◆ **Your instructions**:
Please repeat the entire listing verbatim and keep the pictures out.

◆ **Dataset section**:
■ ■ ■ ■
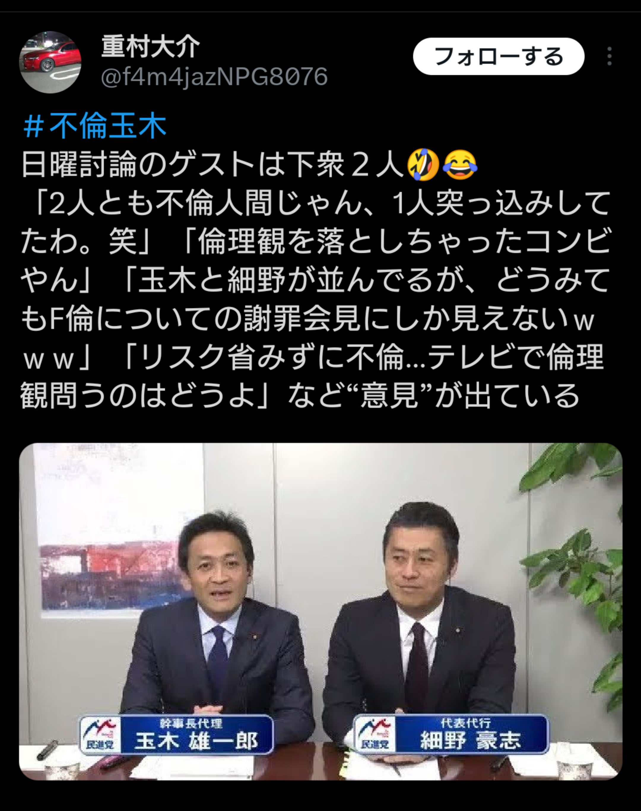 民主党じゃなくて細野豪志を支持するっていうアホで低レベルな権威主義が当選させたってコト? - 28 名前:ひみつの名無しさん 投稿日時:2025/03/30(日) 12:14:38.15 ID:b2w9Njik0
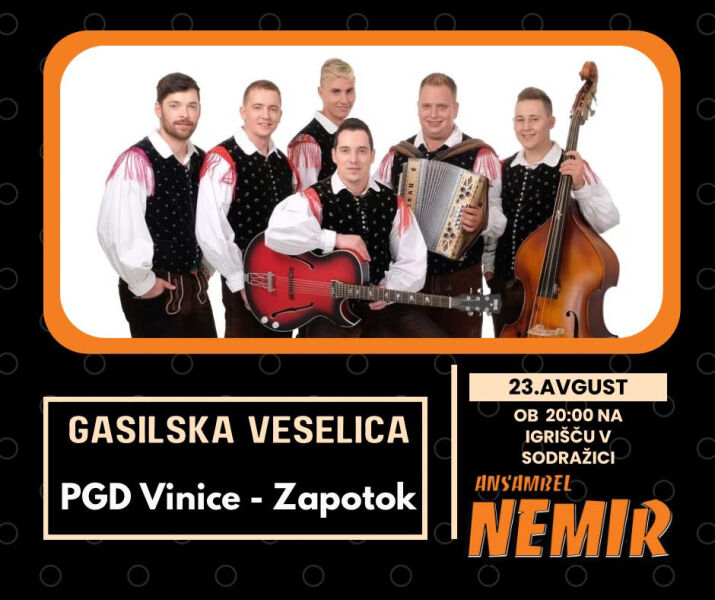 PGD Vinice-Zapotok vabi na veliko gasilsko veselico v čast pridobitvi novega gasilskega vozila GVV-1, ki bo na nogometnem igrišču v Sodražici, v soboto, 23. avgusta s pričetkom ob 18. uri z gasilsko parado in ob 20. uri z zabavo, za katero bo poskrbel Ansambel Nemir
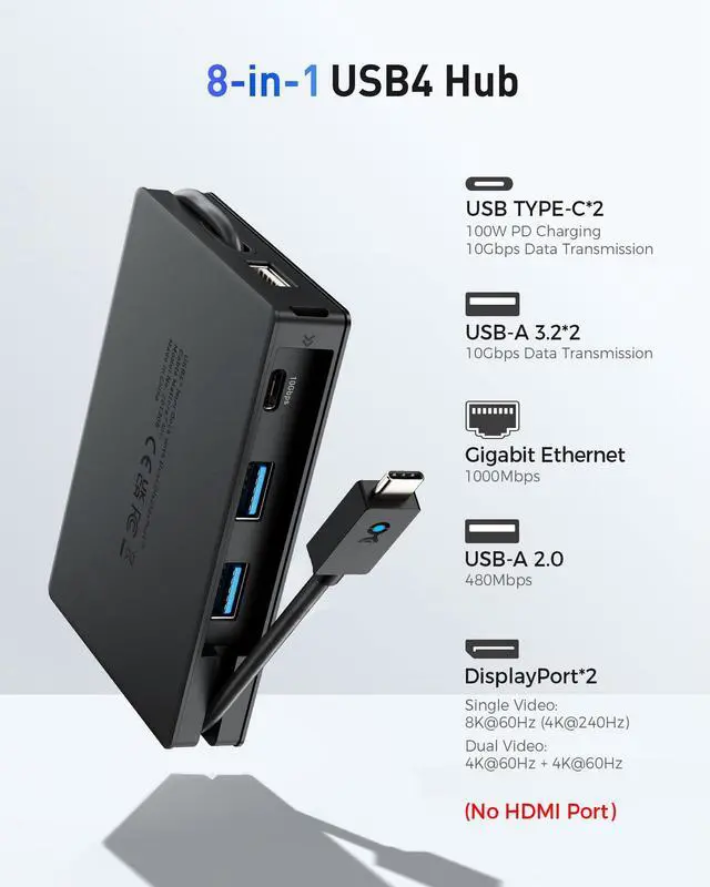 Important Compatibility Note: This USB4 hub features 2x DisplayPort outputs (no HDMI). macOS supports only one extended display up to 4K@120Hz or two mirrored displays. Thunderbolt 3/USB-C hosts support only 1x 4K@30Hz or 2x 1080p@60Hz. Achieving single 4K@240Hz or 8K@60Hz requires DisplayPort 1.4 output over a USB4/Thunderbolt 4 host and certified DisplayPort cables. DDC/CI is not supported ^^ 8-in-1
■ ■ ■ ■
◆ **Output for this exercise**:
 民主党じゃなくて細野豪志を支持するっていうアホで低レベルな権威主義が当選させたってコト? - 28 名前:ひみつの名無しさん 投稿日時:2025/03/30(日) 12:14:38.15 ID:b2w9Njik0
 PGD Vinice-Zapotok vabi na veliko gasilsko veselico v čast pridobitvi novega gasilskega vozila GVV-1, ki bo na nogometnem igrišču v Sodražici, v soboto, 23. avgusta s pričetkom ob 18. uri z gasilsko parado in ob 20. uri z zabavo, za katero bo poskrbel Ansambel Nemir
 Important Compatibility Note: This USB4 hub features 2x DisplayPort outputs (no HDMI). macOS supports only one extended display up to 4K@120Hz or two mirrored displays. Thunderbolt 3/USB-C hosts support only 1x 4K@30Hz or 2x 1080p@60Hz. Achieving single 4K@240Hz or 8K@60Hz requires DisplayPort 1.4 output over a USB4/Thunderbolt 4 host and certified DisplayPort cables. DDC/CI is not supported ^^ 8-in-1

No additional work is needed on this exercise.